Financial literacy is not an everyday skill. It’s not something we’re taught at school or college, and (to be proud and British) money isn’t something we talk about at the dinner table.
It’s no wonder we see entrepreneurs fail when they are interrogated on the BBC TV show Dragon’s Den.
The good news is if you prepare for it Pitch for investorsYou don’t have to be a math expert to know your numbers. You just need to prepare for what you will be asked.
1. Know where your numbers come from
You can be spectacularly good at what you do and have a fantastic product or service. But if you don’t know your numbers and can’t answer the dragons’ questions, then they are will not invest.
Investors want low risk with high return, meaning they want a business owner who knows how to manage their money, a business that has a proven track record of not wasting money, and has the potential for growth and healthy profits.
If you want to show them you’re a good investment, you need to know your numbers. You can do this not only by memorizing and repeating the numbers, but also by understanding why you achieved those numbers.
Before your pitch, take time to really understand what the numbers mean and why they happened. Look at your earnings, yours Gross profitand your operating profit. Be able to talk about yours Forecasts and how you want to achieve this in detail. Work with a consultant beforehand if you need help making sense of everything.
2. Put yourself in their shoes
An investor’s goal is to make money. So they won’t work with anyone who they don’t believe will pay off the investment. Put yourself in their shoes; Why should they trust you? Essentially, you’re asking them to put massive pressure on you and your company, so you need to look at it from their perspective.
With so much at risk, investors are known for asking tough questions. You must be able to defend all of your business decisions, both good and bad, and demonstrate that you can run your business responsibly.

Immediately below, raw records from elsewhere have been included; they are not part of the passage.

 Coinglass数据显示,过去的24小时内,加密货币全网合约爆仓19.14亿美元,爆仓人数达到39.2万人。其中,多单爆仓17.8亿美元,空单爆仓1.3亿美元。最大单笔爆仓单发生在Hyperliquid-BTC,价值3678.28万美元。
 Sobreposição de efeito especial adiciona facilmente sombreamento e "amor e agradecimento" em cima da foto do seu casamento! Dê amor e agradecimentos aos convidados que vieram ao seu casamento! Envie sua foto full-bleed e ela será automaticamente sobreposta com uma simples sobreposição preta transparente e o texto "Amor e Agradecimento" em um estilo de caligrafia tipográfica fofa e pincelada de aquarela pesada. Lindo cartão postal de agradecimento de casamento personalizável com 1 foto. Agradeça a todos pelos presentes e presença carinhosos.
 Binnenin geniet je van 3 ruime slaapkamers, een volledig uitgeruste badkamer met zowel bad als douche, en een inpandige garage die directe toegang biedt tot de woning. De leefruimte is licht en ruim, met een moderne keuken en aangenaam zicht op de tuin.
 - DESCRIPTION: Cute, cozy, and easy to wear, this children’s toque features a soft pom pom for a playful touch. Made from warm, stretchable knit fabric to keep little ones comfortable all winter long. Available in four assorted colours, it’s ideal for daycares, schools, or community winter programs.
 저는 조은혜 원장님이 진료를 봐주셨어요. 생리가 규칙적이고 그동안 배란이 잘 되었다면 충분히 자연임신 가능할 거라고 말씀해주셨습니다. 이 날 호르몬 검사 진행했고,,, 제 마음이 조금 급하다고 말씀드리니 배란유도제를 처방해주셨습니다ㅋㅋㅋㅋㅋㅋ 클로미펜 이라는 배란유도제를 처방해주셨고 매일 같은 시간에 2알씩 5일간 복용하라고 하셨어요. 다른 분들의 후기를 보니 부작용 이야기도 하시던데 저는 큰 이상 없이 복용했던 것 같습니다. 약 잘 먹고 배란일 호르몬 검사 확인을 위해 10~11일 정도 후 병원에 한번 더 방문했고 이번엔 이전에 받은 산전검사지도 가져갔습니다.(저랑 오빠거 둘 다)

As you dig into your numbers, think about what you notice. You need to prepare for any anomalies that may raise questions, and also know how much sales and profit you have made.

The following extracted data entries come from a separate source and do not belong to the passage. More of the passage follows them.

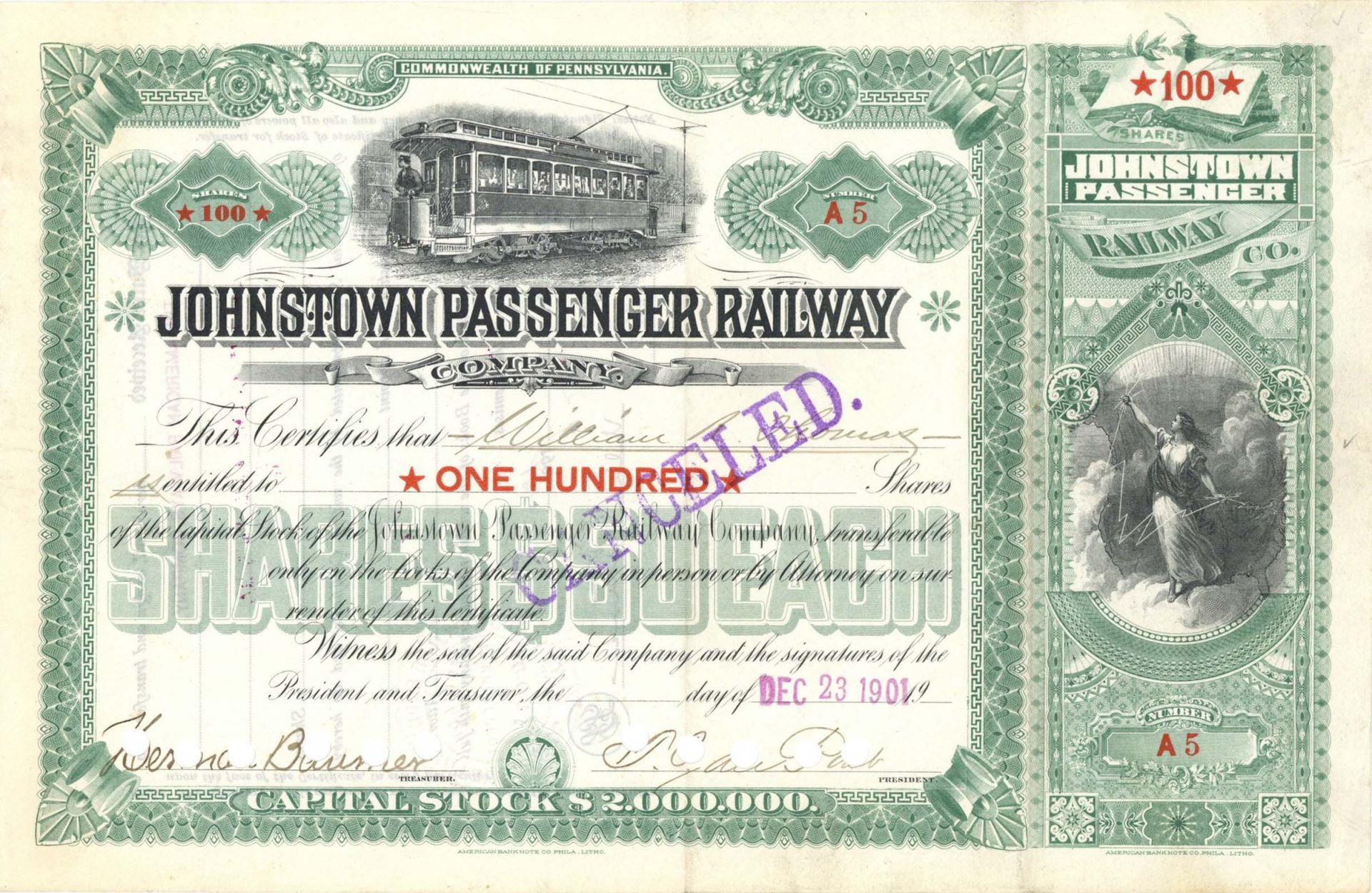 Johnstown Passenger Railway Co. - 1901 dated Pennsylvania Stock Certificate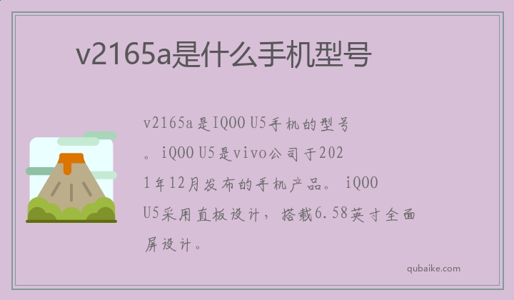 v2165a是IQOO U5手机的型号。iQOO U5是vivo公司于2021年12月发布的手机产品。 iQOO U5采用直板设计,搭载6.58英寸全面屏设计。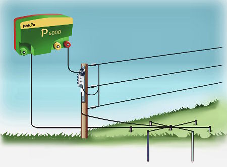 Die Erdung des Blitzschutzgeräts muss mit der Erdung des Weidezaungeräts verbunden werden.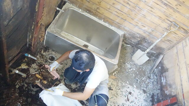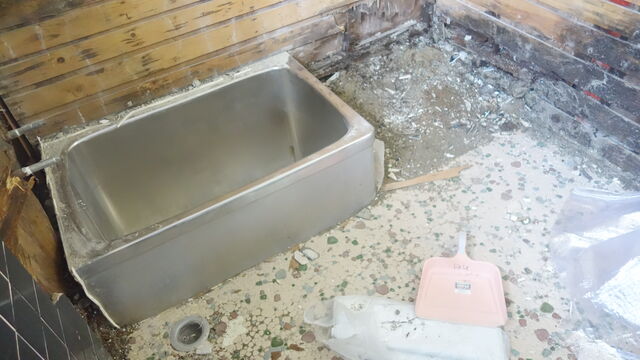 お話し合いのうえ、お風呂をユニットバスへ交換。脱衣場と廊下の床は修繕することになりました。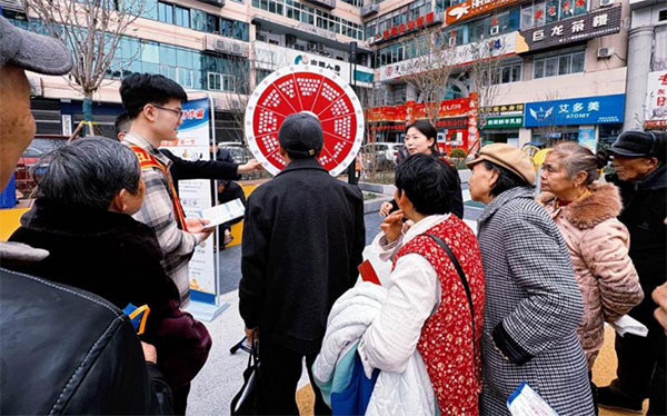 中國銀行重慶綦江支行設置“轉轉盤答題”趣味互動游戲,熱情、耐心地為過往群眾細致講解金融知識和權益保護要點,引導群眾參與游戲回答相關反詐問題,讓群眾在輕松愉快的氛圍里學習金融知識,提升自我保護意識。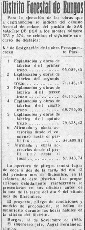 Se sacan a subasta las obras de lo que parece ser el camino del monte (el cual conocemos como "la carretera")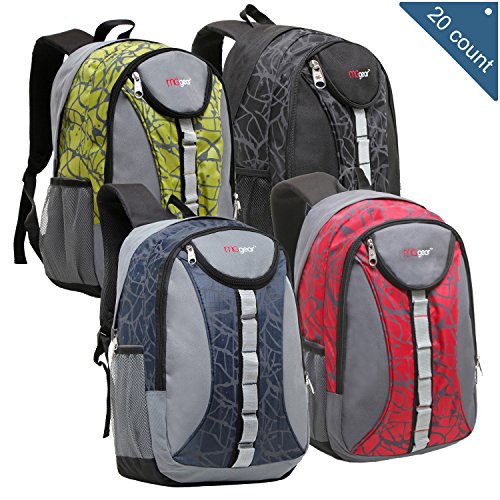 Studio : MyGift Publisher : MyGift Product Description These durable polyester backpacks with urban splatter design are ideal as a school bag, day pack or as a carry-on bag on a plane. This case of 20 book bags come in 4 different colors: 5 Red, 5 Green, 5 Black and 5 Navy Blue. Features a daisy chain on the front of the backpack for attaching extra gear. Two mesh water bottle pockets have been placed on each side of the backpack for maximum hydration access. Each backpack has extra padding on the back panel and adjustable s-curve shoulder straps for extra comfort. Dual zipper compartments make it easy to carry your school items like binders and books or camping gear, while keep them organized. These sturdy and modern backpacks are the perfect choice for any adventure. **Official MGgear product by MyGift.** Main dual zippers compartment with rain flip (in inch): 17.75 H x 12.5 W x 6.5 D. Approximate Dimensions (in inches): Main dual zippers compartment with rain flip (in inch): 17.75 H x 12.5 W x 6.5 D. Second dual zippers compartment (in inch): 16.0 H x 10.0 W x 1.75 D. 0 |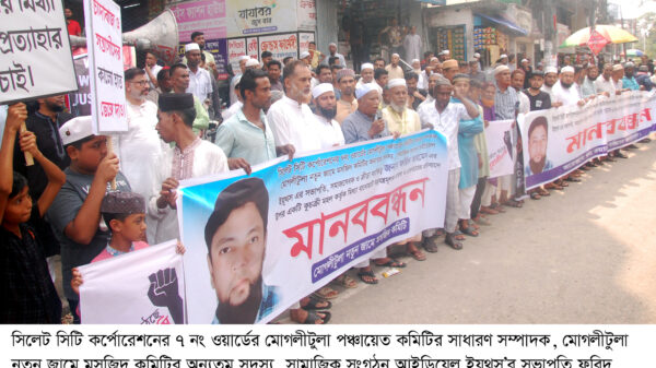 মোগলীটুলা পঞ্চায়েত কমিটির সভাপতি ও মোগলীটুলা নতুন জামে মসজিদ কমিটির মোতাওয়াল্লী কাজী মইনুল হোসেনের সভাপতিত্বে এবং সামাজিক সংগঠন আইডিয়েল ইয়থস্’র সাধারণ সম্পাদক ইকবাল হোসেন বাচ্চু’র পরিচালনায় মানববন্ধনে বক্তব্য রাখেন ও উপস্থিত ছিলেন, মোগলীটুলা পঞ্চায়েত কমিটির সহ-সভাপতি মানিক মিয়া, আব্বাসী জামে মসজিদের মোতাওয়াল্লী কাজী নুরুল ইসলাম চৌধুরী, বিশিষ্ট ব্যবসায়ী কবির আহমদ, লাল সবুজ সমাজ কল্যাণ সংঘের সাধারণ সম্পাদক ডা. তানভীর আহমদ, সবিশিষ্ট সমাজকর্মী সুজন আহমদ, ৭নং ওয়ার্ডের সাবেক কাউন্সিলর সাইদ আবদুল্লাহ, বিশিষ্ট ক্রীড়ানুরাগী দেলওয়ার আহমদ, বিশিষ্ট ব্যবসায়ী সিরাজ উদ্দিন, বিশিষ্ট ব্যবসায়ী আব্দুল গফুর, ওমর কাঠগর সংস্থা সহ-সভাপতি ছমির আহমদ, সমাজসেবক লায়েক আহমদ, নিসচা’র কেন্দ্রীয় সাংগঠনিক সম্পাদক জহিরুল ইসলাম মিশু, আইডিয়েল ইয়থস্’র সহ-সভাপতি মুমিন আহমেদ, ভারপ্রাপ্ত সভাপতি মোহাম্মদ নিজাম উদ্দিন, সাবেক সভাপতি মাহবুব মুর্শেদ, সমাজসেবক খোকন আহমেদ, বিশিষ্ট ব্যবসায়ী আতিক খান, মোগলীটুলা নতুন জামে মসজিদ কমিটির সদস্য জুবের আহমদ, সমাজসেবক জহির হোসেন, আইডিয়েল ইয়থস্’র কার্যকরী কমিটির সদস্য কাউসার খান, কার্যকরী কমিটির সদস্য ইমাদ উদ্দিন আহমদ চৌধুরী, সাবেক সাধারণ সম্পাদক জনি আহমদ, হাজীপাড়া জামে মসজিদ কমিটির সদস্য জুয়েল আহমদ প্রমুখ।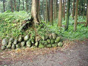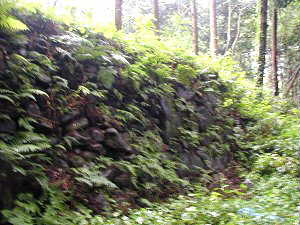 本丸虎口の土塁下の石垣。遺構ではないかもしれないが、土塁の根石として崩落防止のために置かれている。

3. Be confident, not arrogant
No founder will know their numbers exactly, and investors are aware of this, but if you approach them with confidence, you’re more likely to win them over.
You don’t expect a perfect story with no hiccups or bumps in the road, that’s not realistic. What they expect is confidence in the decisions you make and the ability to defend them without seeming arrogant.
If you’ve made mistakes along the way, own them and explain what steps you’ve taken to ensure they don’t happen again. Dragons don’t expect perfection. If working with you doesn’t add value to your company, investing would be pointless!
If your answers are well prepared and you are confident in your abilities while knowing your limitations, they will understand the story. Ultimately, they will buy as much from you as they do from the company, so don’t scare them off with arrogance.
4. Don’t take a review out of thin air
Dragons know how to value a company So if they get involved with a few absurd characters, they will immediately be put off and enticed to dig even further. Figuring out how much you need and what percentage you’re willing to give away isn’t an estimate, it’s wishful thinking.
If you ask for £500,000 in return for 20% of your business, you value your business at £2.5 million. Whether you rely on current profits, expected profits or the company’s assets, you must be able to substantiate them.
You’re talking to smart business owners, so don’t treat them like market traders haggling over fruit prices. Be honest with them and yourself about the value of the company. You’re asking them to take a risk, so make it worth it.
5. Don’t let the spotlight burn you
All investors are human. They know how nerve-wracking it is to be in your shoes, and they’ve all built businesses and made mistakes along the way. They are there because they want to find companies worth investing in; so as not to make fun of you or trip you up.
They ask you questions to reassure you that you are safe. So keep that in mind and keep a cool head. All you’re trying to do is show them that you are the person you want to invest in and that the time to do it is now. So take a deep breath and show them that you are the one.
Laura Linden is a financial strategist, fractional CFO, and founder of Feisty FD with a mission to take the fear out of finance and empower women – and female entrepreneurs. Her debut book, UnF*ck Your Business Finances: Unlearn the Shame, Reclaim the Power and Change the Game, is out December 2nd.